Kathleen O'Toole and Mayor Ed Murray the day he announced her as his pick for police chief.
This afternoon, the Seattle City Council's public safety committee had a little meet and greet with the yet-to-be-confirmed police chief candidate Kathleen O'Toole. I guess it could've been a moment for some tough questions, but the council seems to be on autopilot here, after a chief search process that O'Toole herself called "grueling." O'Toole is scheduled to be confirmed on June 23, after a public meeting on June 11 and another council meeting on the 12th.
Ron Sims, co-chair of the search committee, overflowed with praise for O'Toole, saying she'd "won our heart" and describing her as "innovative," "imaginative," "demanding," and "responsive." If the council confirms her, he said, "I don't think any other city will have a better, finer police chief than Seattle." Even public commenters, who tend to regale this committee in particular with invective and rage, seemed cautiously optimistic or downright excited to see O'Toole, who was as graceful, candid, and cheerful as ever. After committee chair Bruce Harrell asked her to keep her remarks short due to time, she joked that she tries to "follow the three B's: Be brief, be brilliant, be gone." The room was quite taken with her.

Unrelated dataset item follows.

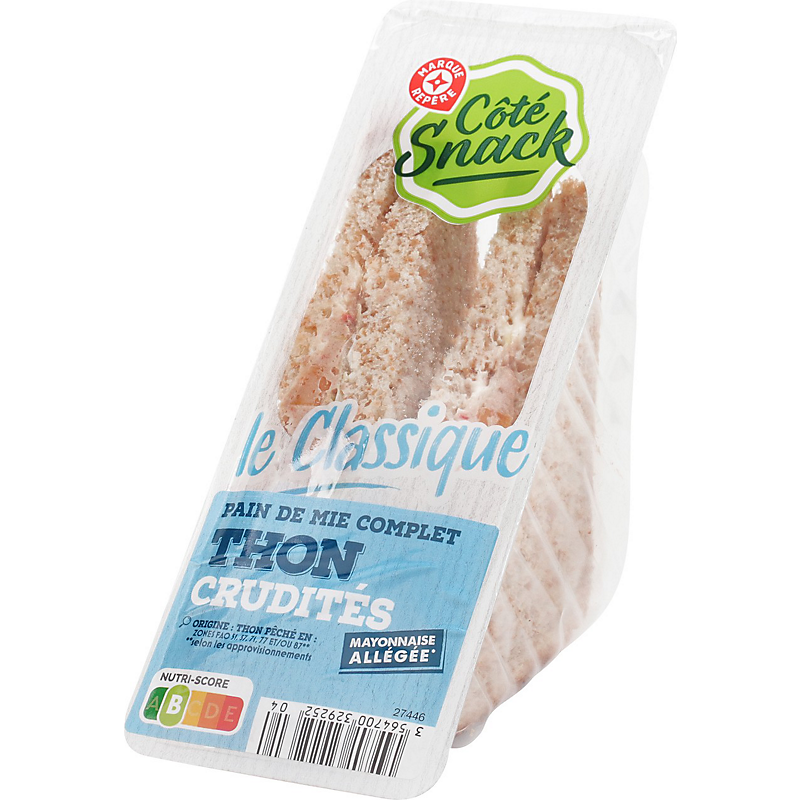 Ingrédients: Pain de mie complet 48 % (farine complète de blé 29 %, eau, huile de colza, gluten de blé, sucre, sel, dextrose, levure, farine de blé, émulsifiant : E471, agent de traitement de la farine : acide ascorbique) ; thon au naturel 20 % (thon Listao, eau, sel) ; tomate 13 % ; mayonnaise allégée en matières grasses* 13 % (eau, huile de colza 4,1%, vinaigre d'alcool, jaune d'œuf, amidon modifié de maïs et/ou de pomme de terre, sucre, moutarde de Dijon (eau ; graines de moutarde ; vinaigre d'alcool ; sel), sel, lait écrémé reconstitué, acidifiant : acide citrique, épaississant : gomme xanthane) ; salade 3,4 %

Which means I got skeptical. It's my job! When everyone's feeling gushy and warm and City Hall's passing out hugs, I kind of want to know who spiked the Kool-Aid and what's going on in that back room over there. But then she said something that I've been waiting to hear from a police chief for a really long time. And I understood Sims's remark about her winning the search committee's heart.
"My favorite part of the job," she said, for the at least the second time, "is always getting out there in the community." She added that sure, she understands everyone has strengths and weaknesses, and maybe not every officer considers public outreach or community engagement their best asset.
But, she mused, "I think for a long time we've maybe recruited the wrong type of people to policing." She sounded a bit like she was thinking aloud.
"On TV," she said, "policing is all about car chases," and tough guys, and action shots. But that's just not a reflection of reality—and it's not good advertising for the job. In the real world, she continued, "policing is all about helping people in need." Whether that's solving a crime or delivering a baby or answering questions, it's "just really being there for people in need."
So, she added, "we need to better educate young people on what the job's all about. And hopefully we'll recruit the kind of candidates who are eager to get out there in the community."
She's certainly not the first person to posit that maybe the "wrong type of people" are attracted to policing, a position of societal power that can be abused. But she's our next police chief talking about the parts of police culture that are wrong, and she's also saying clearly that there's a solution: recruiting good cops, training them well, emphasizing community engagement. Her version of policing is all about public trust and a good relationship with the general public—and she said all this in answer to a comment from Bruce Harrell on the department's race and social justice training, meaning that these comments were about officers' responsibility to engage with all communities.
Whether words are backed up by deeds is something that only time will tell, and deeds are really the only way to judge a police chief. But it's certainly a glimmer of hope.